Without pictures, return the lines from the one containing "蔦屋重三郎が日本橋に耕書堂を出した場所にある案内パネル" through the last line of the data below, exactly.

Information shown ::
>>>
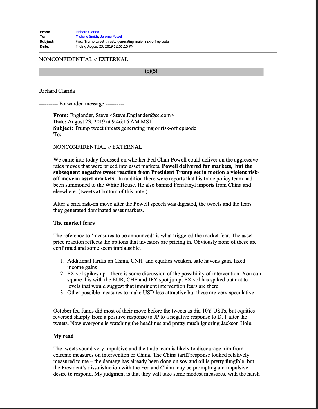 点击这里查看文件(第1页)美联储副主席理查德·克拉里达将标准银行全球研究与首席策略师史蒂文·英格兰德的一封电子邮件转发给了鲍威尔和联邦储备委员会的传播主任米歇尔·史密斯。该电子邮件称特朗普的帖子听起来“非常冲动,贸易团队可能会劝阻他采取干预或对中国采取极端措施。”
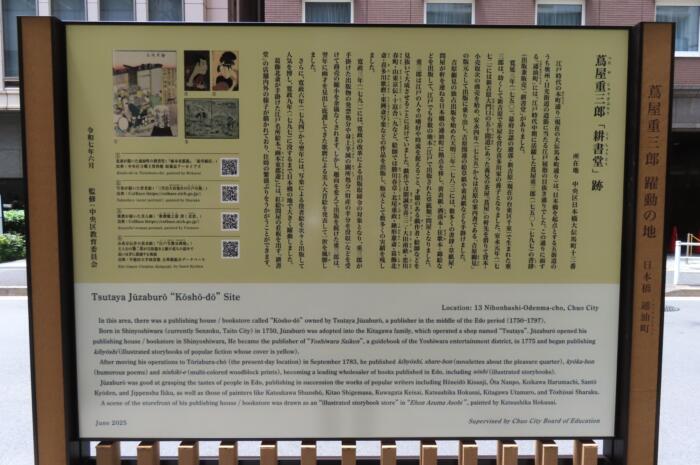 蔦屋重三郎が日本橋に耕書堂を出した場所にある案内パネル
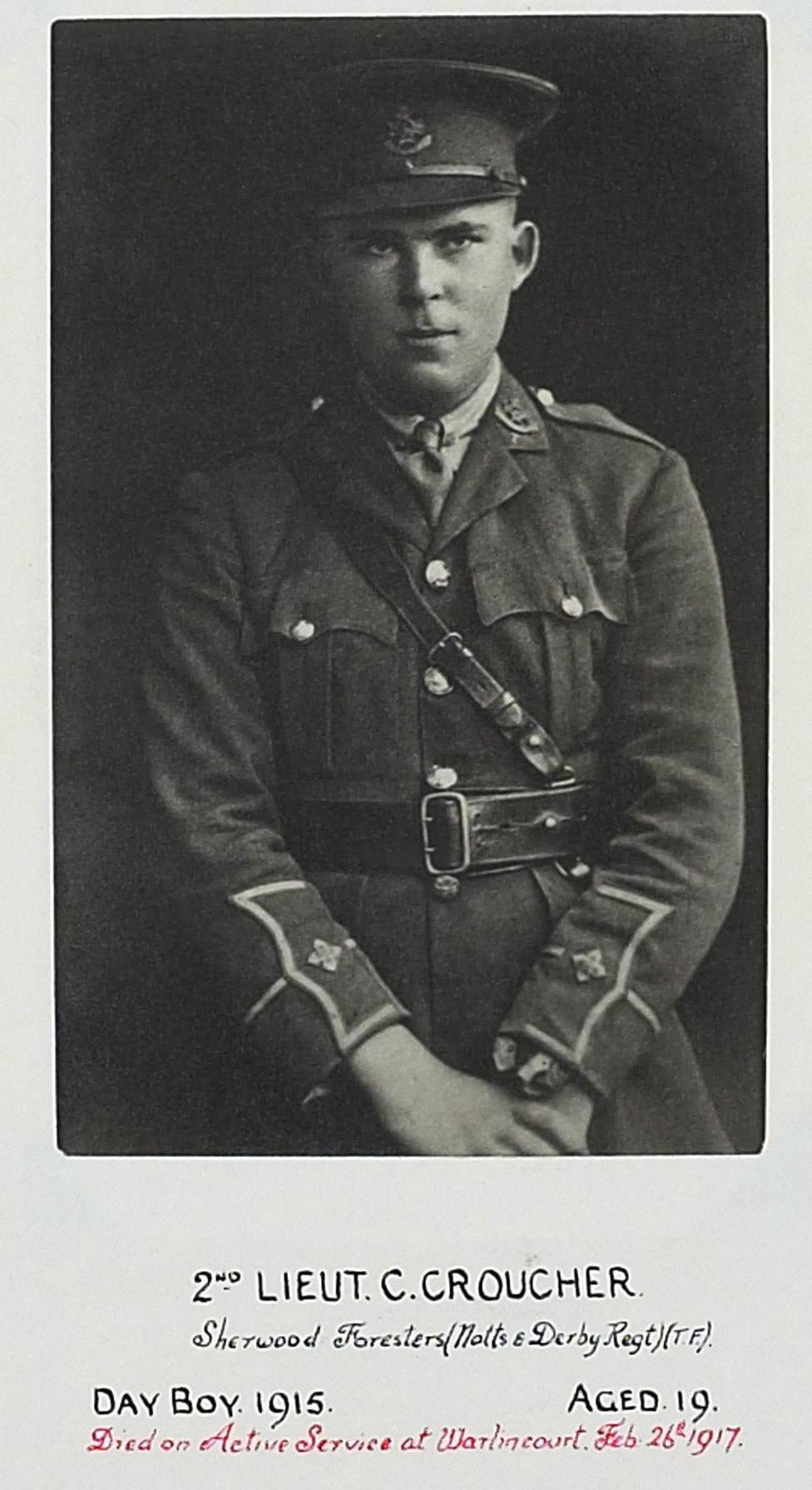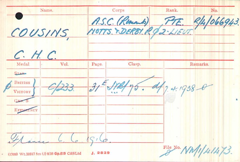Cadet Harold Coop joined the 6th Battalion Notts & Derby Regiment as a 2nd Lieutenant on 19 December 1916 (London Gazette 29 December 1916). Joined the 2/7th (Robin Hood) Battalion at Templeux on 23 April 1917. Promoted to Lieutenant on 19 June 1918.
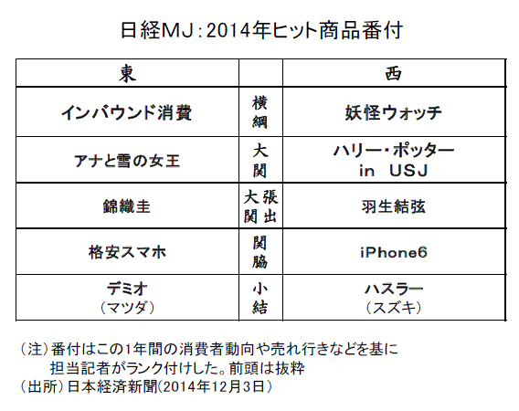 景気にとって明るい材料をひとつ挙げよう。日経MJ による2014 年ヒット商品番付で東西の横綱は「インバウンド消費」と「妖怪ウォッチ」だった。インバウンドとは、他地域から観光目的などで訪れる客や、その客を受け入れること。日本の場合は、外国からの訪日旅行者を示す。「インバウンド消費」と「妖怪ウォッチ」が消費を盛り上げる流れは、2015 年にも受け継がれよう。
<<<
Output for this task ::
 蔦屋重三郎が日本橋に耕書堂を出した場所にある案内パネル
Cadet Harold Coop joined the 6th Battalion Notts & Derby Regiment as a 2nd Lieutenant on 19 December 1916 (London Gazette 29 December 1916). Joined the 2/7th (Robin Hood) Battalion at Templeux on 23 April 1917. Promoted to Lieutenant on 19 June 1918.
 景気にとって明るい材料をひとつ挙げよう。日経MJ による2014 年ヒット商品番付で東西の横綱は「インバウンド消費」と「妖怪ウォッチ」だった。インバウンドとは、他地域から観光目的などで訪れる客や、その客を受け入れること。日本の場合は、外国からの訪日旅行者を示す。「インバウンド消費」と「妖怪ウォッチ」が消費を盛り上げる流れは、2015 年にも受け継がれよう。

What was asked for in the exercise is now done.